Employer

Risk research results 2021
In the summer of 2021, LifeSight conducted a survey into the risk preferences of the participants. LifeSight conducts this research to gain insight into the extent to which our participants are willing and able to run investment risks to achieve the expected income on the retirement date. The research into the risk preferences of the participants is carried out by LifeSight once every 2 years. The first study was done in 2019.
The research conducted in 2021 shows that participants are willing to accept – to a limited extent – more investment risks than LifeSight currently assumes. This gives LifeSight the opportunity to slightly increase the risk of the investments. We are currently examining whether a possible increase in the risk of the investments also leads to a higher expected pension under various scenarios. In 2022 it will be clear whether the results of the research will also lead to an adjustment of our investment mixes (lifecycles).
Contribution to the Trees for All Foundation
To encourage participation in the risk research and to contribute to a green and healthy earth, LifeSight will donate an amount to the Trees for All Foundation. The amount of this amount is linked to the number of people who participated in the study.
The questionnaire was completed by 7% of the participants. Based on this, the donation to the Trees for All Foundation is € 350. LifeSight decided to increase the donation to € 500. With this amount 100 trees will be planted.
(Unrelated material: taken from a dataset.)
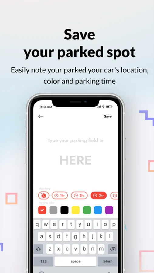 SpotSave is an application that allows you to quickly take note of where you parked your car in crowded parking lots such as shopping malls or airports, and easily track the location, park color and time spent in the parking spot from your phone's lock screen.

LifeSight investment approach
With LifeSight you accrue your own pension capital. If you do not make any investment choices, you will be allocated a standard investment mix.
When determining this standard investment mix, we consider how much risk you can take objectively. We call this risk base. The risk base depends on the options you have if the pension outcome will be disappointing. If there is little that you can do at that time, we may take less investment risk. If you can absorb a setback well, we can take a little more risk.
There are 3 options for absorbing a setback: accepting that your pension income will be lower, working longer and saving extra for your pension.
It is of course not the case that we assume that the investment results will be disappointing, because we do everything we can to invest your money in the best possible way. But when determining your investment mix, it is wise to take into account the chance of lower returns.

Results
The results show that people save more, work longer and are willing and able to accept a greater setback the higher their salary. The risk that someone can run therefore depends on the salary. This was also the result of the risk research in 2019. And this also followed from the research we conducted when determining our investment methodology.
The conducted research shows that participants are willing to accept – to a limited extent – more investment risks than LifeSight currently assumes. This gives LifeSight the opportunity to slightly increase the risk of the investments. We are currently examining whether a possible increase in the risk of the investments also leads to a higher expected pension under various scenarios. In 2022 it will be clear whether the results of the research will also lead to an adjustment of our investment mixes (lifecycles).